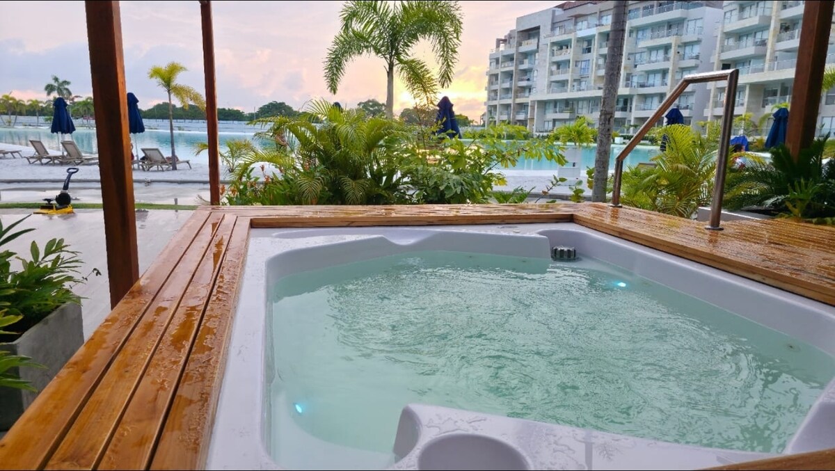 Un enorme apartamento de 120 m2 con una ubicacion envidiable lejos de la bulla, el jacuzzi y su vista al mar son impresionantes! Un apartamento increible, todas las habitaciones y sala con aire acondicionadoy acomodaciones 5 estrellas - area 120 m2 - jacuzzi privado en balcon - bacon grande con vista al mar - acceso directo a la playa - piscina sin fin en el ultimo piso - 10 min de distancia a la ciudad amurallada - wifi - 2 televisiores - INCLUYE EMPLEADA DE ASEO DIARIO SI LO DESEA
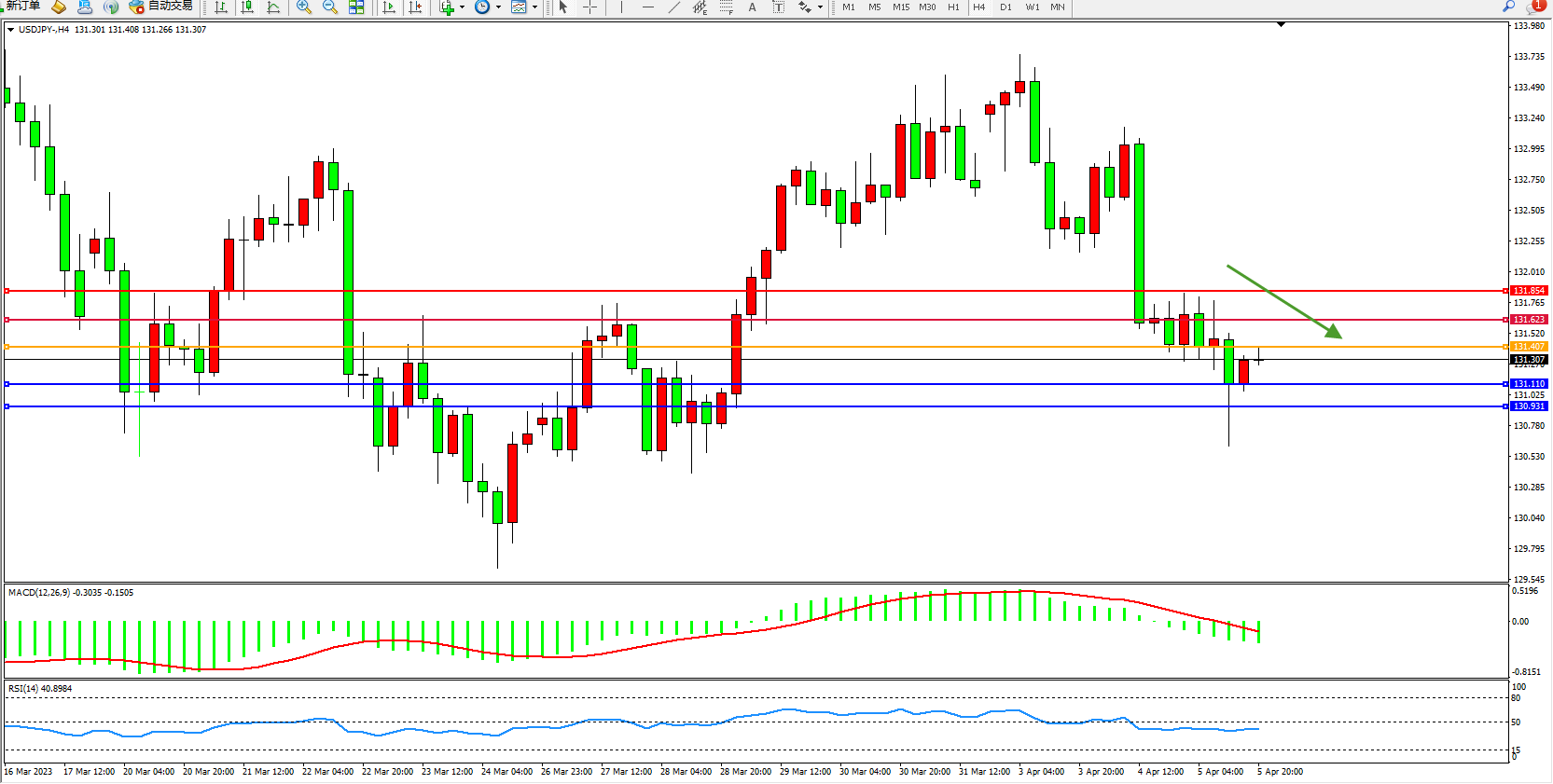 交易策略:131.407下方看跌,目标131.110  130.931
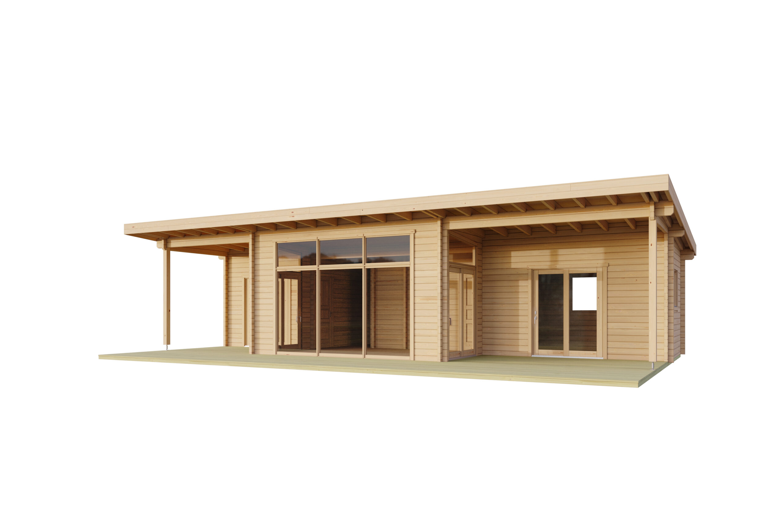 Ferienhaus mit 5 Räume und überdachten Terrasse 92 mm, Fundamentmass 5300×12000, Naturbelassen
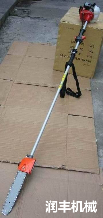 高枝油鋸用于森林采伐、造材、打枝等以及木場造材、鐵路枕木鋸截等作業。尤其適用于高處危險之地的修剪.該產品具有功率大、振動小、鋸切效率高、伐木成本低等諸多優點。已成為我國林區手持式采伐主導機械。該產品可任選其中一個工作頭,如割草機頭、割灌機、高枝油鋸、綠籬剪四種用具。此產品攜帶方便,使用簡單,具有此四種功能,可選購多功能高枝產品,四合一,三合一產品。       汽油機型號:1E34F      汽油機形式;單缸、風冷、二沖程      額定功率:0.7kw/6500rpm      最大扭矩:1.1N.M/5500rpm      排量:30cc      缸徑x行程:Φ36.5x28.5mm      修剪長度:500mm      凈重;6kg      毛重:8kg
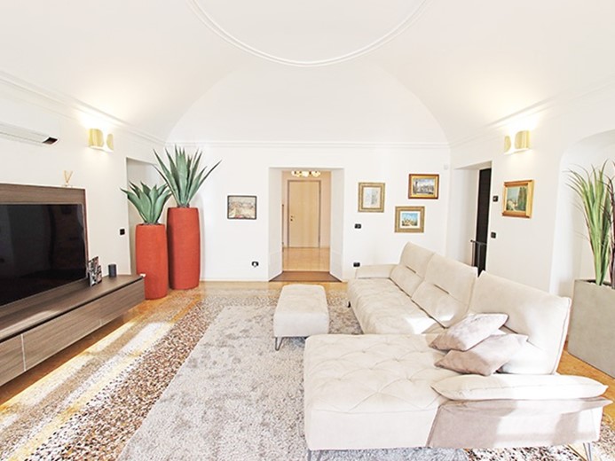 Prestigioso immobile indipendente di mq 330 dislocato su 2 livelli dotato di 200 mq di giardino privato inserito in importante contesto di villa nobiliare completamente lussuosamente ristrutturata.
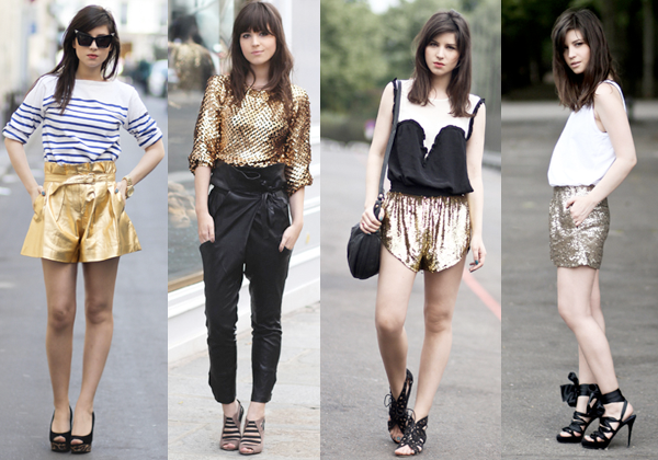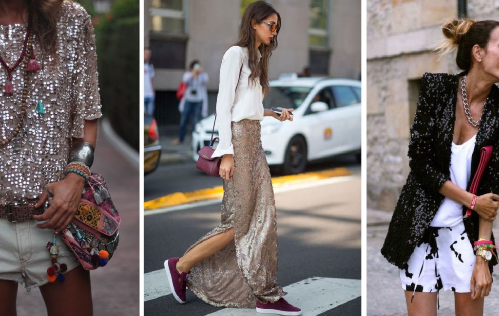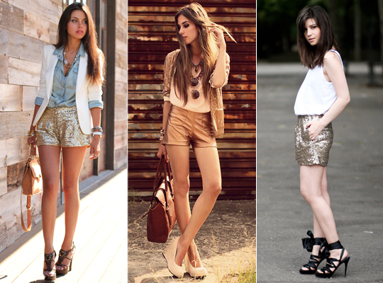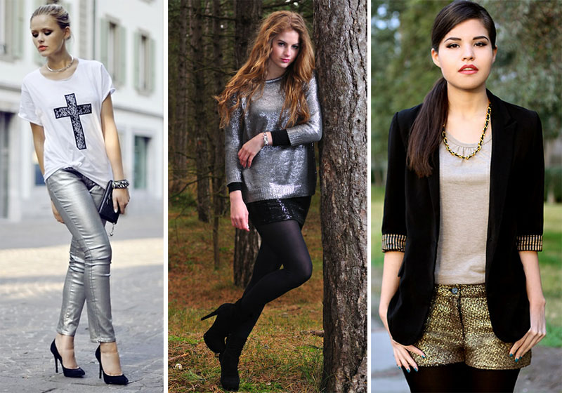 Primeira regra importante que deve ser seguida sem hesitar, quando optar por usar brilho durante o dia é importante combinar com peças em cores nude e claras. Portanto se o brilho for combinado com cores escuras automaticamente o look não será mais apropriado para o dia, mas sim para a noite. As calças metálicas voltaram e são ótimas opções, sem falar que estão na moda, mas para ficar bem devem ser combinadas com camisas proporcionando um ar um pouco mais formal ao look e é ideal para trabalhar. Os shorts em dourado ou trabalhos no paetê também estão liberados além de estarem muito na moda, podem ser combinados com blusas mais soltinhas em tons pastel. Os casacos também podem ser usados durante o dia, porem eles devem ser a única peça com brilho do look para não ficar exagerado demais.

::::::::

### Problem statement
Your output should be the lines above from the one that contains "交易策略:131.407下方看跌,目标131.110  130.931" through the one that contains "Prestigioso immobile indipendente", word for word, with pictures left out.

### Task answer
 交易策略:131.407下方看跌,目标131.110  130.931
 Ferienhaus mit 5 Räume und überdachten Terrasse 92 mm, Fundamentmass 5300×12000, Naturbelassen
 高枝油鋸用于森林采伐、造材、打枝等以及木場造材、鐵路枕木鋸截等作業。尤其適用于高處危險之地的修剪.該產品具有功率大、振動小、鋸切效率高、伐木成本低等諸多優點。已成為我國林區手持式采伐主導機械。該產品可任選其中一個工作頭,如割草機頭、割灌機、高枝油鋸、綠籬剪四種用具。此產品攜帶方便,使用簡單,具有此四種功能,可選購多功能高枝產品,四合一,三合一產品。       汽油機型號:1E34F      汽油機形式;單缸、風冷、二沖程      額定功率:0.7kw/6500rpm      最大扭矩:1.1N.M/5500rpm      排量:30cc      缸徑x行程:Φ36.5x28.5mm      修剪長度:500mm      凈重;6kg      毛重:8kg
 Prestigioso immobile indipendente di mq 330 dislocato su 2 livelli dotato di 200 mq di giardino privato inserito in importante contesto di villa nobiliare completamente lussuosamente ristrutturata.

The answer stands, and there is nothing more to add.